Management of Warfarin Therapy During Dental Procedures
For a 46-year-old patient on long-term warfarin for history of pulmonary embolism, warfarin therapy should be continued during dental work with the use of local pro-hemostatic agents rather than interrupting anticoagulation. 1
Evidence-Based Approach to Dental Procedures on Warfarin
The American College of Chest Physicians (ACCP) provides clear guidance on this issue in their 2022 clinical practice guidelines:
- For patients on vitamin K antagonists (VKAs) like warfarin who need dental procedures, continuing VKA therapy with pro-hemostatic agents is recommended over interrupting anticoagulation 1
- This recommendation is based on multiple randomized trials and prospective cohort studies showing no significant increase in bleeding with VKA continuation 1
Risk Assessment
Thromboembolic Risk
- Patient has history of unprovoked pulmonary embolism (2015)

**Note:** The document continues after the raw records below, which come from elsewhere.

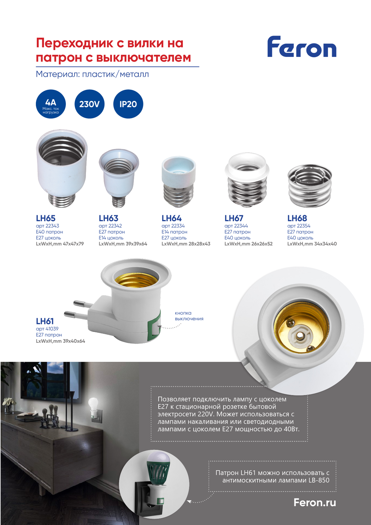 Патрон-переходник для ламп 250V Е40-Е27 LH67 22344 по цене 62 руб. с фотографией и техническими характеристиками. Для покупки товара нажмите кнопку "Купить" и перейдите в корзину или позвоните по телефону 8 (495) 585 32 60 или 8 (800) 222 23 53.
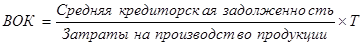 Где: ПОЦ – продолжительность операционного цикла; ВОК – время обращения кредиторской задолженности; ВОЗ – время обращения производственных запасов; ВОД – время обращения дебиторской задолженности; Т – длина периода, по которому рассчитываются средние показатели. Расчет можно выполнять двумя способами: 1. по всем данным о дебиторской и кредиторской задолженности; 2. по данным о дебиторской и кредиторской задолженности, непосредственно относящейся к производственному процессу.
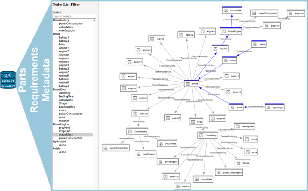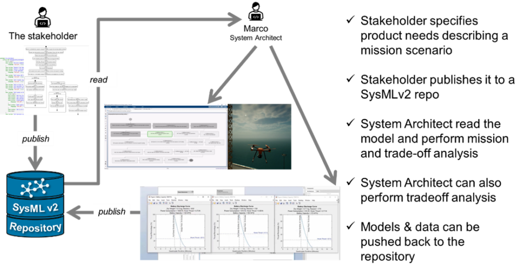 Consider the development of a quadcopter. Stakeholder specifications are published into the repository using SysML v2, enabling system architects to perform mission analysis and simulate scenarios. Trade-off analyses, such as battery sizing, are run, and results are pushed back into the repository, creating the first links in the digital thread.
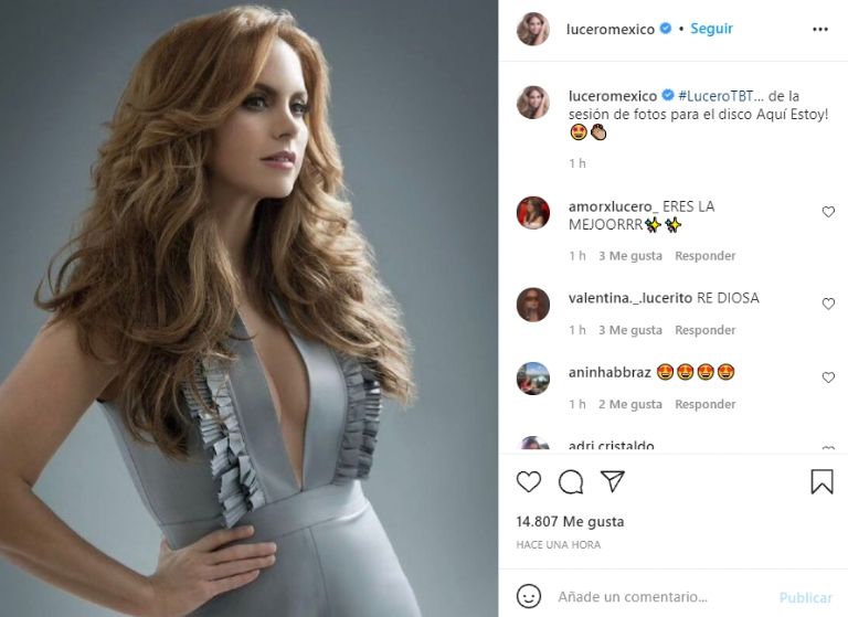 En la imagen tomada desde 2014 para su disco Aquí Estoy se puede ver a Lucero posando con un coqueto vestidito color gris con pronunciado escote que resalta su perfecta anatomía, el cabello teñido de un castaño oscuro y maquillaje que la hace ver espectacular.

- Interruption of anticoagulation, even short-term, carries risk of thromboembolism (0.7% within 30 days) 2
Bleeding Risk
- Dental procedures (including extractions, root canals, fillings/crowns) are classified as "minimal bleeding risk" procedures 1
- Continuing VKAs is associated with a low (approximately 5%) risk of self-limiting bleeding 1
Practical Management Algorithm
Pre-procedure preparation:
- Verify INR within 24 hours before procedure
- Target INR should be in therapeutic range (2.0-3.0) 1
- No need to reduce or stop warfarin dose
During the procedure:
- Use tranexamic acid mouthwash (5-10 mL of 5% solution) immediately before procedure 1
- Employ local hemostatic measures:
- Extra sutures
- Absorbable gelatin sponges
- Oxidized cellulose
- Local pressure
Post-procedure care:
- Continue tranexamic acid mouthwash 2-3 times daily for 1-2 days 1
- Apply local pressure to control minor oozing
- Avoid hot foods/drinks for 24 hours
- Avoid vigorous mouth rinsing
Special Considerations
- Multiple extractions: Even with multiple extractions, warfarin can be continued with proper local hemostatic measures 1
- Root canal procedures: These are generally less hemorrhagic than extractions and can be performed safely without warfarin interruption 1
- Fillings/crowns: These procedures have minimal bleeding risk and can be performed without altering anticoagulation 1
Common Pitfalls to Avoid
Unnecessary interruption of warfarin: This practice increases thromboembolic risk without providing significant benefit in bleeding reduction 2
Inadequate local hemostasis: Failure to use pro-hemostatic agents like tranexamic acid can lead to preventable bleeding complications 1
Inconsistent INR monitoring: Ensure INR is checked within 24 hours of procedure to confirm it's within therapeutic range 3
Lack of communication: Ensure dental provider is aware of anticoagulation status and management plan
Despite widespread belief among some dental practitioners that warfarin should be interrupted 4, the current evidence and guidelines strongly support continuing warfarin therapy during dental procedures when appropriate local hemostatic measures are employed.